You really need to try a car with recently fitted dampers to see what the new ones you plan to get are like. I'm on recent Bilsteins so if you're close enough a try is possible. Monroe have the thumbs up from the forum too.

Wouldn't touch adjustable with a barge, let alone the pole. All they ever seem too do its to fiddle with the basic absolute rebound damping setting ignoring the velocity sensitivity. Which is a very bad thing to do on road vehicle as it upsets everything in sight. Especially a big heavy roll prone 4X4. Either, like a lot of motorcycles, the setting does nothing except amuse the owner, or you have serious risks of the suspension pumping down at speed.
If you are being ambitious off road with uprated springs and, possibly, lift tweaking the rebound will stop the suspension crashing too far, too fast downwards when you hit a hole. But you will be compromising a lot of other things which may well bite you in the ass at any sort of speed.

If you want to muck around with suspension characteristics on a road vehicle with a high centre of gravity you have to get into the shim stacks and do it all from first principles to keep things properly balanced and the natural frequency responses front and rear sensible. The odds of any ordinary person finding a better overall set-up than a decent factory are tiny.

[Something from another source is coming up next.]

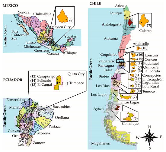 The time series were extracted from three monitoring networks: in Chile, from SINCA (National Air Quality Information System) [], whose data are public; in Mexico, from SINAICA []; and, in Ecuador, from SUIA []. These networks perform real-time measurements of meteorology and pollutants, have a proper distribution, and are reliable and according to international standards, operating for long periods (years) without interruption.
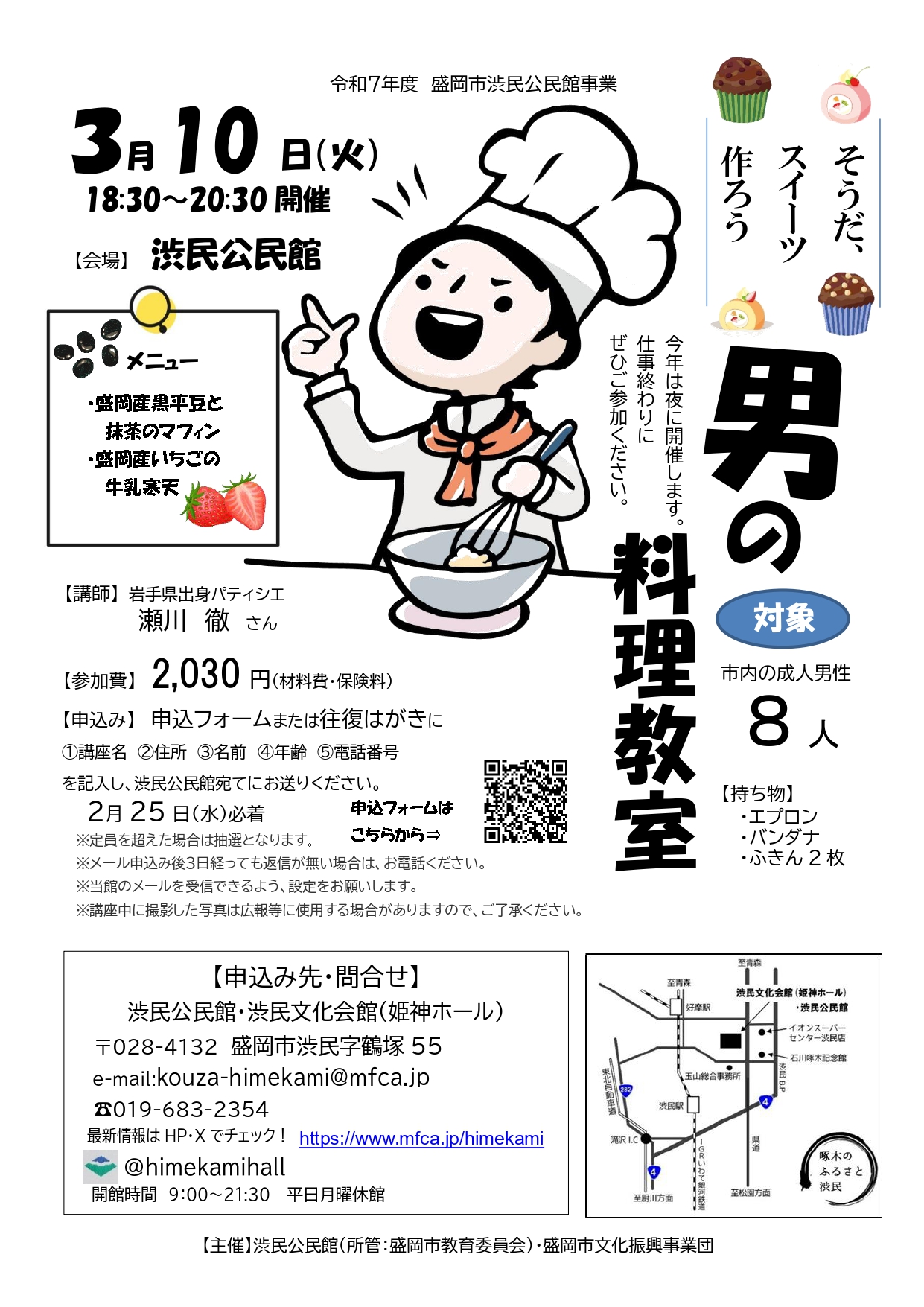 申込フォームまたは往復はがきに①講座名②住所③名前④年齢⑤電話番号を記入し、渋民公民館宛てにお送りください。 2月25日(水)必着 ※定員を超えた場合は抽選となります。

Competition guys pushing the wrong kit up to the ragged edge may think they are doing better with what is mostly a bodge fix but road car suspension operates in continuous transition regions which is much harder to achieve balance with. Serious natural frequency mismatch whether front to rear pitch, roll or (eek) diagonal is scary.

Superflex, poly bushes and the rest don't last on a P38 because roll puts considerable plunge and tilt forces into the bush. Which they aren't able to cope with. All these polybush systems are basically poor boys rose joints with a little flex over relatively short movements to handle the minor geometrical infelicities that prevent you from using proper rose joints. Fine on something like a TVR with fairly pure geometry, short movements and hard springing to keep movements pretty close to the proper geometry range.

A P38 has long link / radius arms both ends with the axles well located on the arms so the geometry is anything but pure. Long travels too. When it rolls either the bushes have to take up serious plunge and tilt force or the arms and axle have to twist and bend. The glass fibre arms at the rear do twist and bend. If you look back into the history of the GKN glass fibre leaf spring and suspension arm design its precisely what they were developed to do.
Good luck on twisting the front radius arms. The axle to arm bushes have to handle it all. A rose jointed P38 front suspension is pretty much locked solid. Despite its apparent simplicity its actually a very sophisticated design.
Big, fast, 4 x 4 suspension is hard to do. Which is why most of the more modern incarnations with apparently more up to date designs fall apart with monotonous regularity over any sort of mileage.

Clive

Member
Joined:
Posts: 279

Clive, a good post. Lots to think about.

Obviously, I am just taking other peoples views from the Internet.

Whereabouts are you? I am near Dorking in Surrey.